This book contains the presentations given during the Duke Symposium on Computational Models of Conditioning, which took place between May 15th and May 17th of 2009 at the Duke Campus in Durham, N.C. The meeting was sponsored by the Duke Department of Psychology and Neuroscience, the Duke Office of the Vice Provost for International Affairs, and the Duke Arts and Sciences Research Council. All the participants and I are indebted for their generous support.

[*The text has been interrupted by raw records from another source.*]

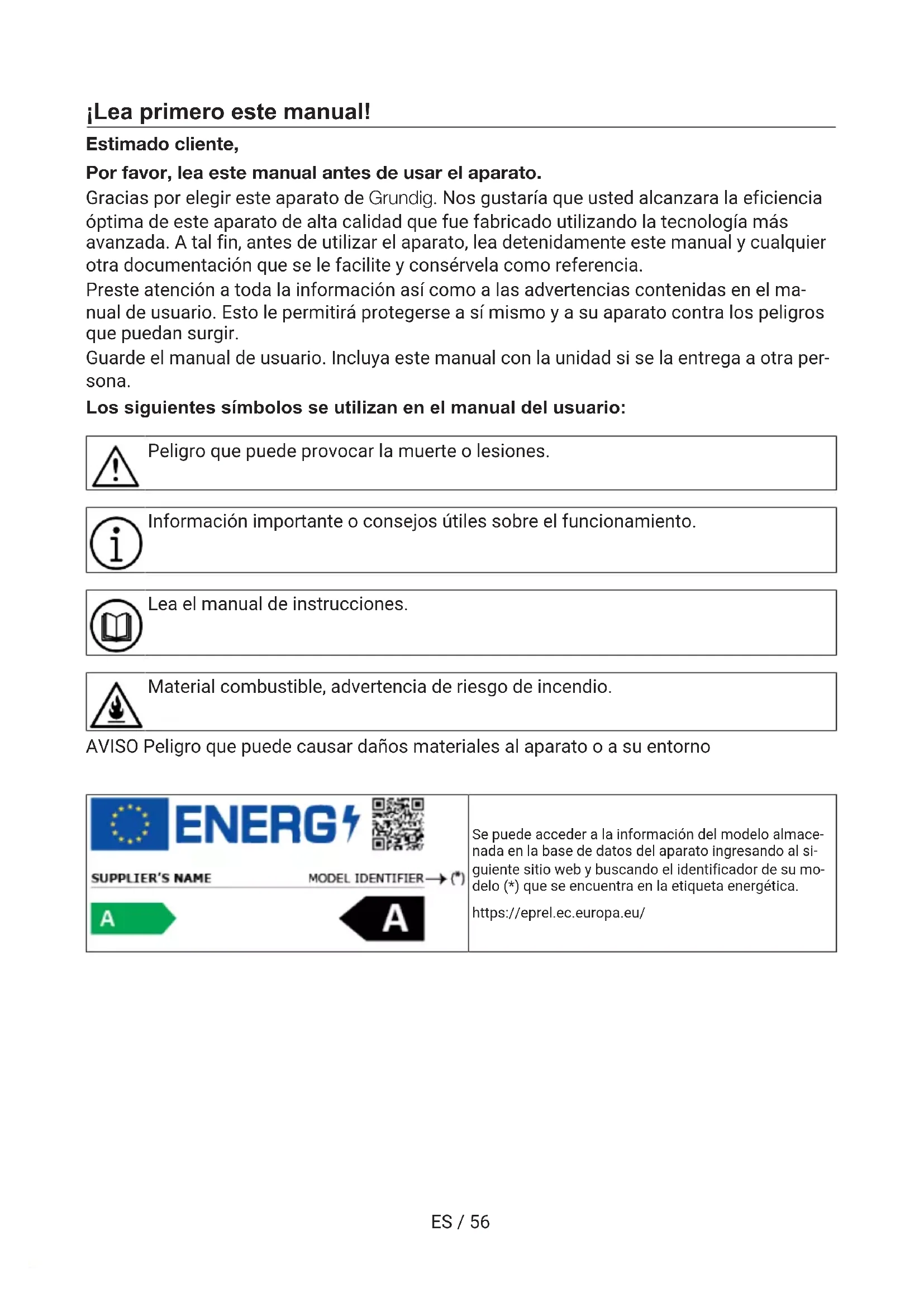 PTES / 56 ¡Lea primero este manual! Estimado cliente, Por favor, lea este manual antes de usar el aparato. Gracias por elegir este aparato de Grundig. Nos gustaría que usted alcanzara la eficiencia óptima de este aparato de alta calidad que fue fabricado utilizando la tecnología más avanzada. A tal fin, antes de utilizar el aparato, lea detenidamente este manual y cualquier otra documentación que se le facilite y consérvela como referencia. Preste atención a toda la información así como a las advertencias contenidas en el ma- nual de usuario. Esto le permitirá protegerse a sí mismo y a su aparato contra los peligros que puedan surgir. Guarde el manual de usuario. Incluya este manual con la unidad si se la entrega a otra per- sona. Los siguientes símbolos se utilizan en el manual del usuario: Peligro que puede provocar la muerte o lesiones. Información importante o consejos útiles sobre el funcionamiento. Lea el manual de instrucciones. Material combustible, advertencia de riesgo de incendio. AVISO Peligro que puede causar daños materiales al aparato o a su entorno Se puede acceder a la información del modelo almace- nada en la base de datos del aparato ingresando al si- guiente sitio web y buscando el identificador de su mo- delo (*) que se encuentra en la etiqueta energética. https://eprel.ec.europa.eu/ES / 57 1 Instrucciones de seguridad ......... 58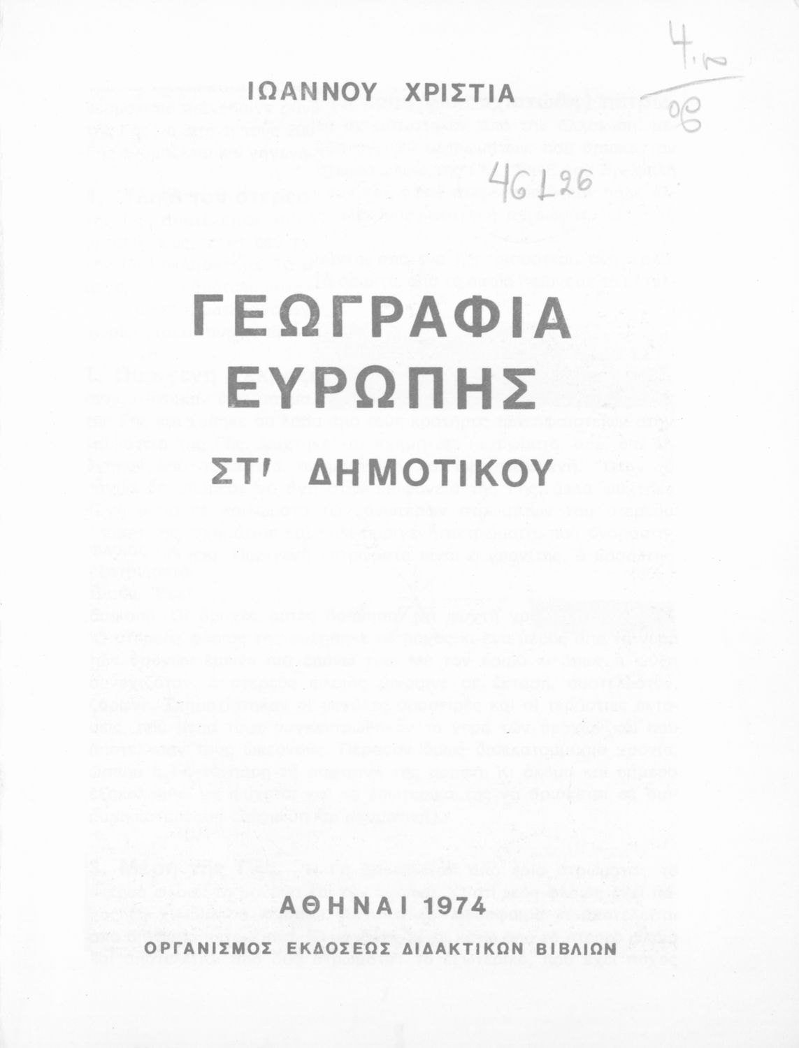 Σχολικό εγχειρίδιο Γεωγραφίας ΣΤ΄ Δημοτικού που περιλαμβάνει εισαγωγή στη φυσική και μαθηματική γεωγραφία και παρουσιάζει τα κράτη της Ευρώπης από φυσική, οικονομική και πολιτική σκοπιά.
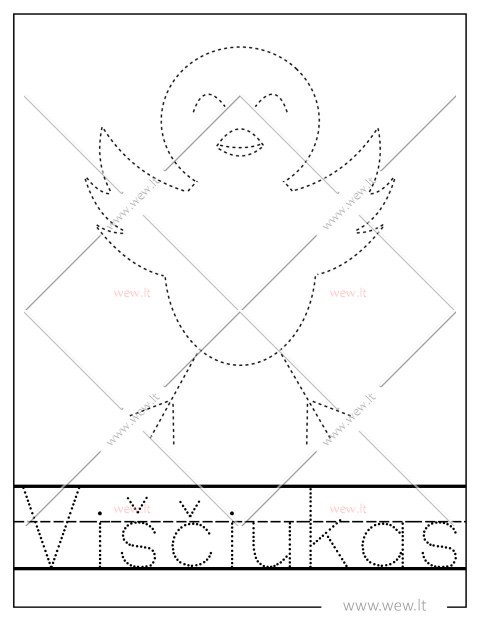 Šis žaismingas užduoties lapas su velykiniu viščiuku yra puikus būdas lavinti ankstyvuosius rašymo įgūdžius ir rankos motoriką. Vaikai kviečiami apvedžioti mielo viščiuko kontūrus bei apatinėje eilutėje esantį žodį „Viščiukas“, taip mokantis taisyklingos raidžių formos ir susikaupimo. Tai ideali metodinė medžiaga pedagogams ir tėvams, norintiems suderinti šventinę nuotaiką su edukacine veikla. Atliktas darbelis puikiai tinka spalvinimui, padedant vaikui išreikšti savo kūrybiškumą laukiant gražiausių pavasario švenčių.
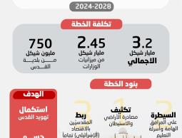 وصادقت حكومة الاحتلال 20/8/2023 على خطة خمسية للسنوات 2024 - 2028 في القدس المحتلة، وسيبلغ مبلغ الخطة الخمسية كلها 3.2 مليار شيكل، بينها 2.450 مليار شيكل من ميزانيات الوزارات، وحوالي 750 مليون شيكل من بلدية القدس وسلطة الابتكارات وشركة الكهرباء وغيرها. وجاءت ميزانية الخطة أكثر بحوالي مليار شيكل من ميزانية الخطة الخمسية السابقة للقدس المحتلة وكانت بمبلغ 2.1 مليار شيكل.

The meeting was organized with the assistance of my friend and former Ph.D. advisor Professor John Moore (University of Massachusetts at Amherst). I am particularly thankful to John for helping me in finding a group of participants who contributed both well-established and novel theories of classical conditioning. I am also grateful to Munir Gunes Kutlu for his help in running many aspects of the meeting.

The models

John Kruschke and Rick Hullinger (Indiana University, USA) prepared the chapter on “The evolution of learned attention.” In this chapter, the authors use simulated evolution, with adaptive fitness measured as overall accuracy during a lifetime of learning, and show that evolution converges to architectures that incorporate attentional learning. They also describe the specific training environments that encourage this evolutionary trajectory, and how we assess attentional learning in the evolved learners. Interestingly, the resulting attentional mechanism is similar to that proposed by Mackintosh (1975).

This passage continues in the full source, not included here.